» **SOURCE MATERIAL**
————————

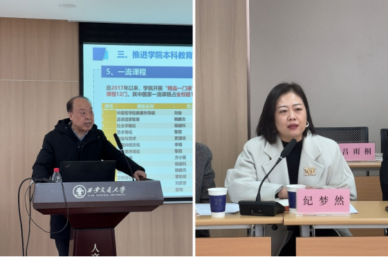 教务处处长王秋旺教授解析了本轮本科教育教学审核评估的背景、目标及入院检查的重要意义。他强调本次检查旨在全面梳理学院本科教育教学成效,发现问题推动整改,为后续学校迎评工作夯实基础,他期望学院以评促建、以评促改,进一步凝练育人特色,持续提升我校人文社科本科人才培养质量。
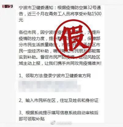 近日,一则“宁波市卫健委通知”在宁波本地社交平台传播,通知称“根据疫情防控第32号通告,近三个月在甬务工人员将享受补贴1500元”。信息中注明领取方法为点击登录网络链接,输入市民姓名、身份证、住址等信息后待系统审核。
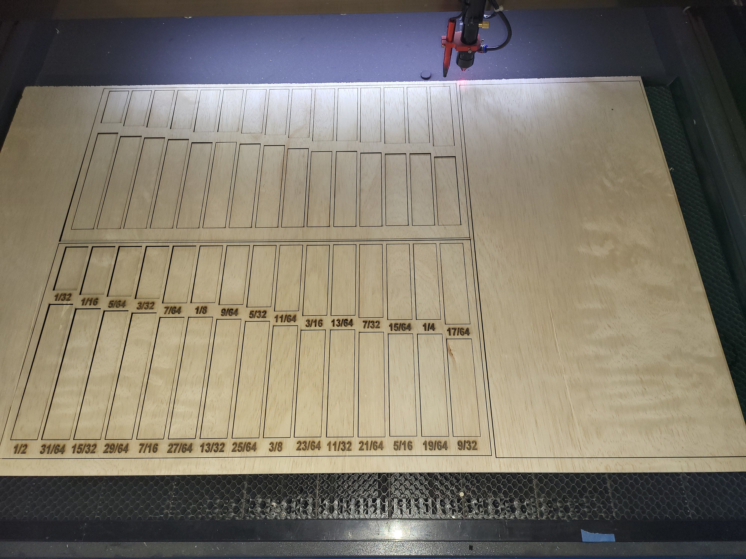 This is not a physical product. This an SVG file. This file includes two different size drill bit organizer/holders in SVG and LightBurn format. Sizes are 11 1/2 x 23 and 11.5 x 28 3/4 pick the one that fits your laser bed best. We made two different sizes to accommodate small and large size lasers. This is cut out and then stacked on top of one another to give you a place to store and organize your drill bits. If you're like me and had a shop for a long time you probably have spare drill bits laying around. Simply cut out on your laser and now you have a place to store your drill bits.
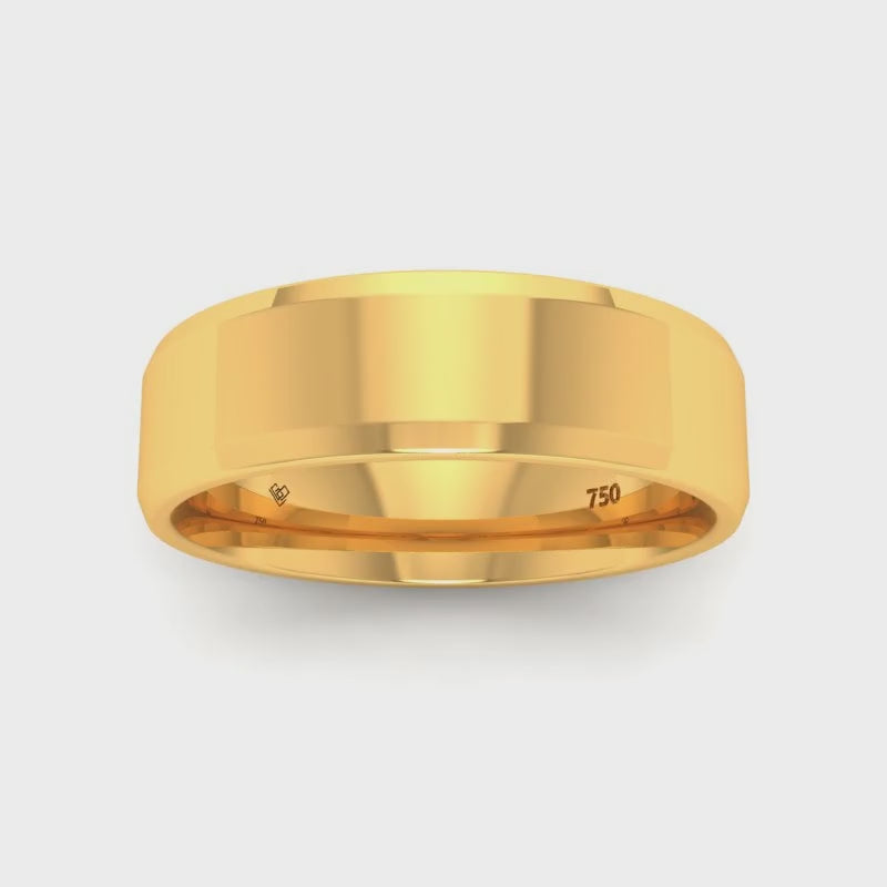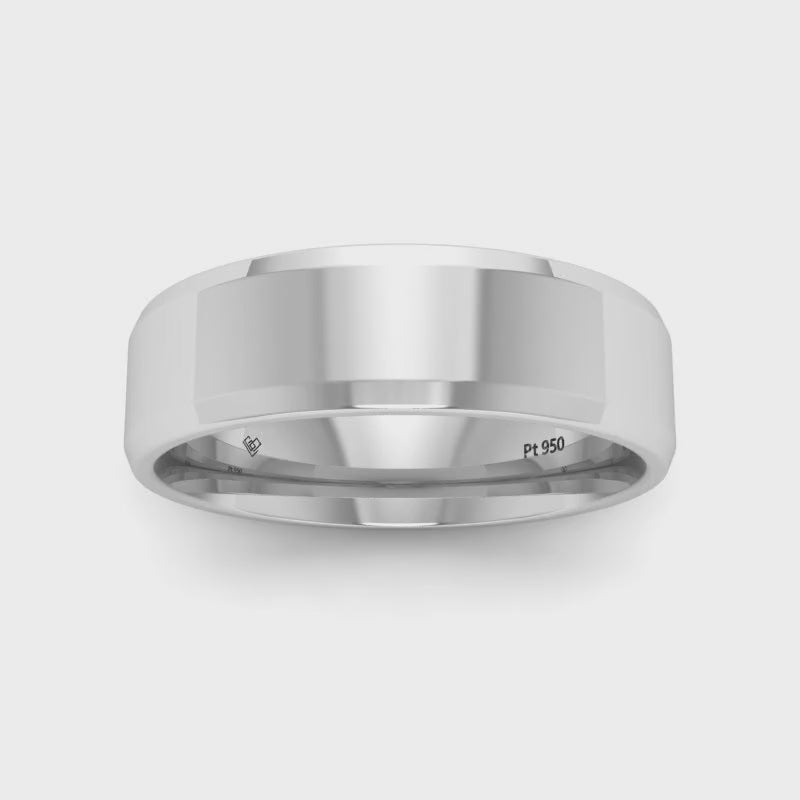Discover the refined elegance of our men's beveled edge wedding band. Expertly crafted, this exquisite piece showcases a contemporary design that pairs sophistication with a rugged edge, perfect for the modern gentleman.

————————

Begin at the line containing "This is not" and copy every line through the end of the data above exactly, omitting the pictures.

 This is not a physical product. This an SVG file. This file includes two different size drill bit organizer/holders in SVG and LightBurn format. Sizes are 11 1/2 x 23 and 11.5 x 28 3/4 pick the one that fits your laser bed best. We made two different sizes to accommodate small and large size lasers. This is cut out and then stacked on top of one another to give you a place to store and organize your drill bits. If you're like me and had a shop for a long time you probably have spare drill bits laying around. Simply cut out on your laser and now you have a place to store your drill bits.
Discover the refined elegance of our men's beveled edge wedding band. Expertly crafted, this exquisite piece showcases a contemporary design that pairs sophistication with a rugged edge, perfect for the modern gentleman.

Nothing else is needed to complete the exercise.